- Title: Straight out of Syria: young girl raps about Eid in her battered hometown
- Date: 5th May 2022
- Summary: BARAZI RAPPING HER SONG ABOUT EID AL-FITR, SAYING (Arabic): "I want to spend Eid here. I’m here, I was born here. I can’t be anywhere but here. Syria’s in pain, wipe away her tears. When my brother’s hungry and I see my dad in pain. I see my dad in pain trying to cover up his tears. I hug my mom so she can warm us up. Cold and hunger all around us." BARAZI GESTURING WHILE RAPPING
- Embargoed: 19th May 2022 11:16
- Keywords: Eid Syria music rap religion
- Location: SALAMIYAH, SYRIA
- City: SALAMIYAH, SYRIA
- Country: Syria
- Topics: Arts/Culture/Entertainment,Middle East,Music
- Reuters ID: LVA002589405052022RP1
- Aspect Ratio: 16:9
- Story Text:Penning rap verses about her hometown, playing pick-up soccer, and spending afternoons daydreaming with her friends, Ream Barazi fit the profile of an aspiring hip-hop star in Compton or Brooklyn.
But her lyrics gave her away: every song is an ode to her war-battered home country Syria.
"I'm here, I was born here - I can't be anywhere but here. Syria's in pain, wipe away her tears," rapped the slender 14-year-old in an original song she wrote to mark Eid al-Fitr, the end of the Muslim holy month of Ramadan.
Barazi lives with her parents and younger siblings in Salamiyah, a town in the western province of Hama.
She spends her time at school, helping her parents take care of her younger siblings, kicking around a soccer ball, or learning to play the derbakeh drum – which isn't popular with her neighbors.
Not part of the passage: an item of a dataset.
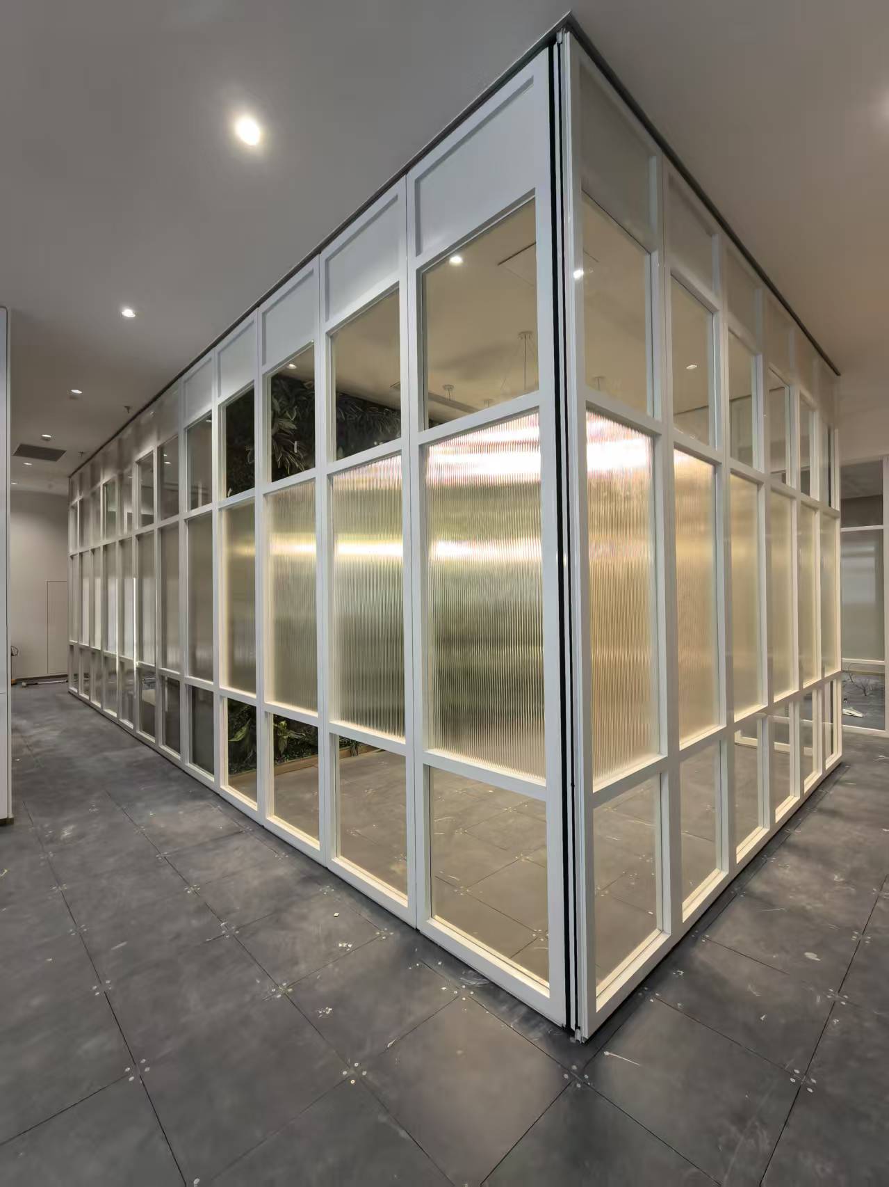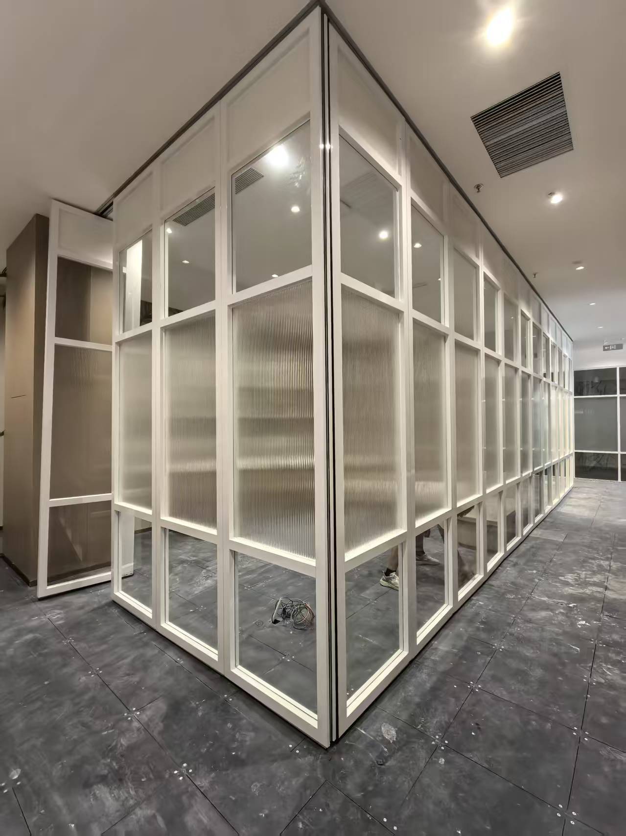 제조업체는 알루미늄 합금 스크린 칸막이 패널, 강화 유리 칸막이 벽, 회의실 유리 마감 이동식 칸막이를 생산합니다.스토어 가기

"Some people are happy when I play but other people scream 'stop Ream, turn the sound down!' she said.
Barazi has been listening to Arabic hip-hop for three years, memorizing songs by playing them on repeat on YouTube and sometimes swapping outlines with her own original lyrics.
Rampant power cuts – caused by fuel shortages and an electricity network wore down by a decade of war – often get in the way of her obsession, Barazi complained.
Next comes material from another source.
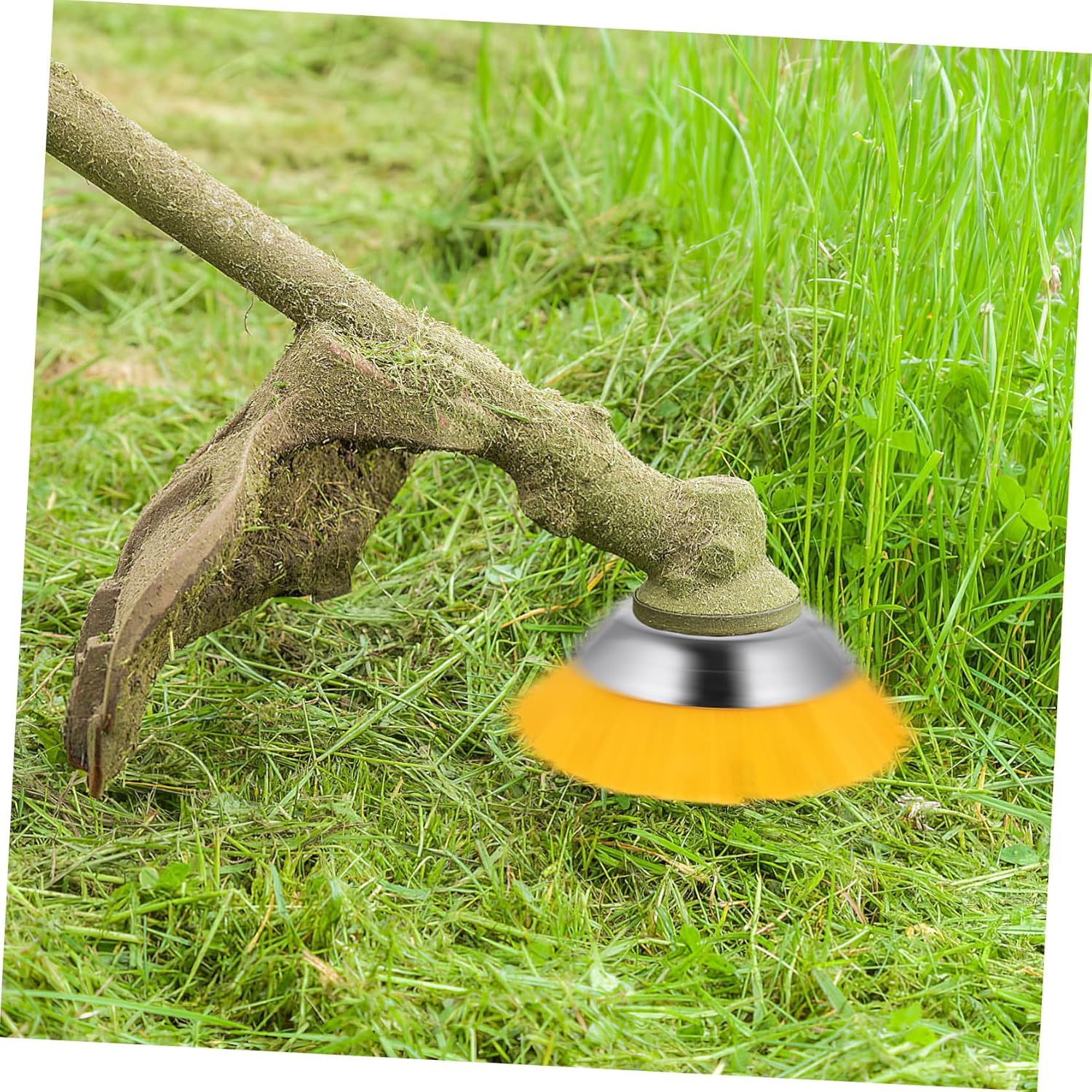 Package Include 1 x trimmer head 1 x set of attachments Characteristics - Safe to use: The nylon brush wheel with an internal fixed plate can protect you from splashing when you are weeding mowers. - Universal use: The nylon brush wheel is designed to fit most standard grass trimmers, easy to install and operate, making gardening easier cordless. -Size:20.00X20.00X5.00cm/7.86X7.86X1.97in attachment - Effortless weeding: The sturdy construction adds to the overall efficiency and effectiveness of the attachment, allowing for smooth and precise cutting edging. - Enhanced durability: The brush head is made from sturdy nylon materials, can work well with different thickness of grass trimmer head. -Color:Yellow Grass Mower Brush Head - Ease the fatigue: With its lightweight design, the nylon brush is easy to install and operate, reducing fatigue during extended use manual. -Material:Stainless steel, nylon Wire BrushGoods DescriptionLawn Mower Wheel Are you looking for a practical tool to clear your yard? Look no further than this product! Comes with multiple attachments that enhance its user-friendliness, the nylon brush wheel is incredibly easy to operate. brush head It is capable of tackling different tasks such as edging, pruning, and trimming in addition to its primary function of removal

Rap songs maybe "for older people," but she isn't a fan of softer stuff. She doesn't like "these Barbie songs and other silly things," as she described them.
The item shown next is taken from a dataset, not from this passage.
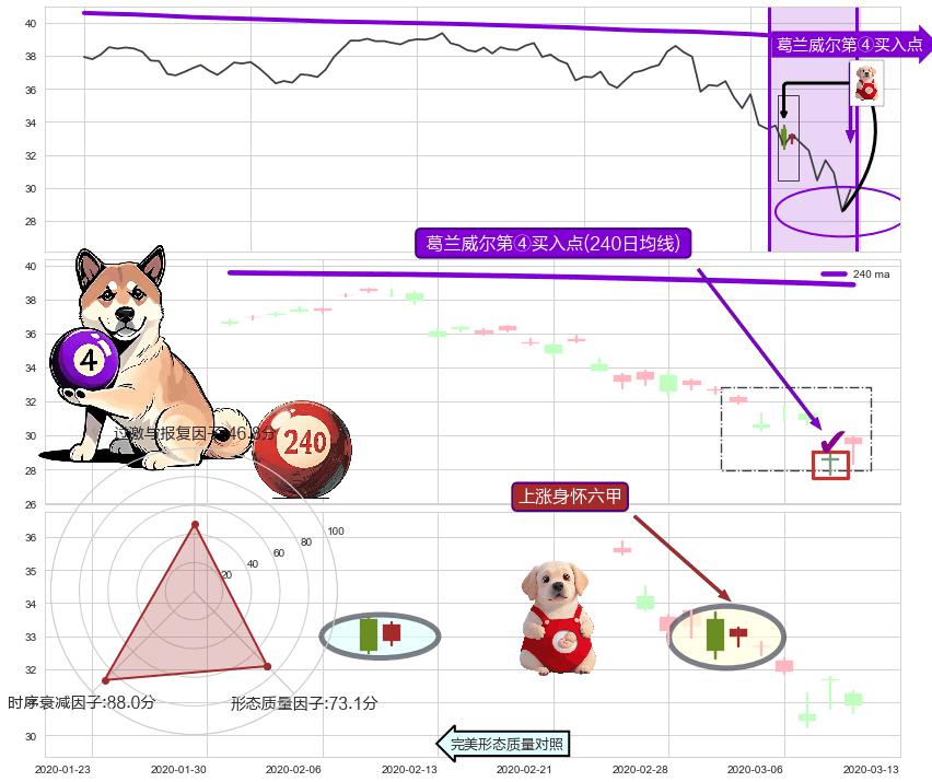 | 4 🅚:降势受阻 ➕ 🎢:葛兰威尔第④买入点买入点信号形成后,猜想后续走势持续反弹上升(均值回复) ☞ 看多信号 ⇥ 【均线】交织【🅚线】⇥ 综合量化分数: 51 | > |

In Syria's broadly conservative society, many of her neighbours and relatives chastise her for her love of rap and basketball – and her tough personality.
"There are our neighbours here, I saw one yesterday, she keeps telling me 'Ream, you’re like a boy, you keep playing soccer like boys' while other people tell me 'Ream, continue because if don't do this in your life, you won't make it' and they encourage me to keep going and become stronger. They talk about me like that because I stand up for myself and for my personality. I’ve got a strong personality," she told Reuters.
Like any teenager, Barazi dreams of owning a car and escaping on beach holidays with friends.
But her lyrics reflect both a deep love of her homeland and pain embedded in the violence of Syria's long-running conflict.
"We're the next generation and God's listening to us," she rapped.
"We're saying: “We don't want to grow up without seeing the light. We don’t want to see pieces of flesh and graves. We don’t want to grow up in pain and hunger."